- The paper introduces a novel method that uses 3D Gaussian splats from mobile captures to generate simulation-ready mesh reconstructions.
- The paper demonstrates that fine-tuning on personalized meshes significantly boosts navigation performance compared to zero-shot approaches.
- The paper’s approach reduces cost and complexity by utilizing consumer-grade devices, making sim-to-real transfers scalable for diverse robotic applications.
EmbodiedSplat: Personalized Real-to-Sim-to-Real Navigation with Gaussian Splats from a Mobile Device
This technical essay provides an overview of the "EmbodiedSplat" method, which aims to streamline the implementation of sim-to-real navigation systems in embodied AI. The authors propose leveraging Gaussian Splats from mobile phone captures to create navigational proxies in simulated environments. This document consolidates the methodology, experiments, and potential implications within Embodied AI domains as described in the paper.
Introduction
Embodied AI traditionally encounters challenges when transferring skills acquired in high-fidelity simulations to unpredictable real-world situations. The sim-to-real gap is primarily due to differences in simulation fidelity and real-world scene complexities that are difficult to fully capture using high-resolution but cumbersome capture devices. The paper introduces EmbodiedSplat as a methodology to bridge this gap effectively, utilizing 3D Gaussian Splatting (GS) for mesh reconstruction derived from iPhone captures. This approach personalizes policy training, tuning it to specific scenes to optimize navigation policies within real-world settings.
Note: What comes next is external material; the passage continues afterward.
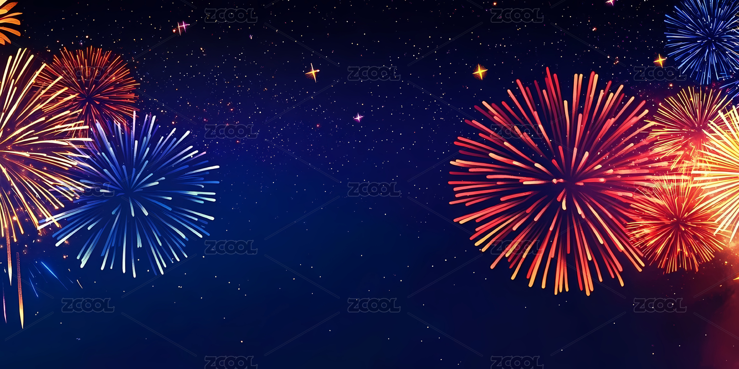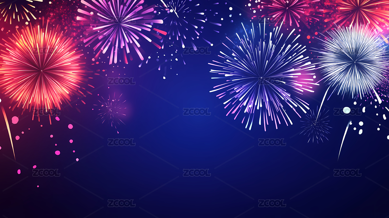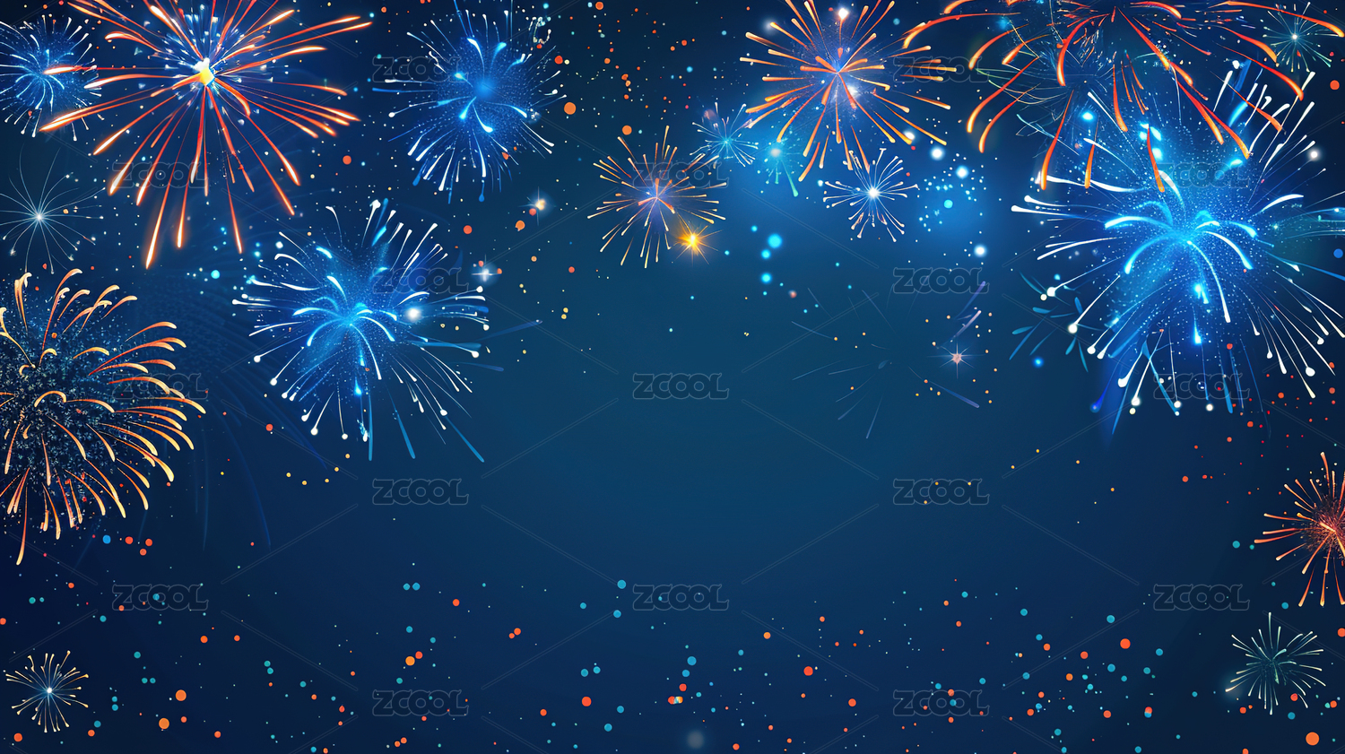 蓝色背景下蓝色夜空绽放的彩色烟花背景插画

Figure 1: Overview of EmbodiedSplat showing the sim-to-real transfer via 3D Gaussian Splatting using mobile phone captures.
Methodology
The EmbodiedSplat framework integrates four key stages: scene capture, 3D Gaussian Splat training, ImageNav episode synthesis, and real-world policy deployment. The process begins with the use of consumer-grade smartphones to capture deployment environments, leading to rapid subsequent mesh reconstruction.
Scene Capture and Gaussian Splats
Using Polycam and Nerfstudio on iPhones, the pipeline initiates by capturing scenes that are converted into 3D Gaussian Splats. DN-Splatter is employed for mesh conversion through a depth-and-normal regularization process. The reconstructed meshes are integrated into Habitat-Sim for training, where episodic navigation tasks are synthesized to prepare the policy for real-world evaluation.
Figure 2: The EmbodiedSplat Pipeline illustrating integration and deployment processes.
Experimental Design
The effectiveness of EmbodiedSplat is validated through a series of experiments split into zero-shot evaluations, fine-tuning scenarios, and real-world applications.
Zero-shot and Fine-tuning
Initial zero-shot testing reveals that pre-trained models on large-scale datasets (HM3D, HSSD) display varying success rates when directly transferred to new environments. Notably, fine-tuning significantly enhances performance, particularly in complex and large-scale scenes divergent from typical training datasets.
(Figure 3) (Figure 4)
Figures 4 & 5: Zero-shot validation success rates for different pretrained policies.
Real-world Transfer
The paper includes real-world validation where fine-tuned policies are deployed using a Stretch robot in a real scene. Fine-tuning not only improves success rates over zero-shot baselines but also resonates with improved performance in practice, as depicted by their real-world evaluation.
Figure 5: Real-world success rates demonstrating improvement post-fine-tuning on respective meshes.
Discussion and Future Work
EmbodiedSplat's contributions highlight a significant reduction in the cost and complexity associated with gathering effective training environments for navigation policies. The methodology provides an efficient solution for personalized and scenario-specific sim-to-real transfers, possibly extending to various robotics domains such as manipulation and mobile assistance.
Future research directions could explore integrating Gaussian Splatting visual data directly into policy architectures or testing similar methodologies in broader embodied tasks including object manipulation and complex room interaction. This scalability from small rooms to extensive building environments marks a notable potential advancement for minor and large-scale embodied AI systems.
Conclusion
EmbodiedSplat represents a promising stride in personalized navigation policy training using low-cost yet high-quality mesh reconstructions from consumer devices. By aligning simulation and real-world performance more closely, it addresses traditional limitations in embodied AI, paving the way for diverse applications across robotic systems and tasks.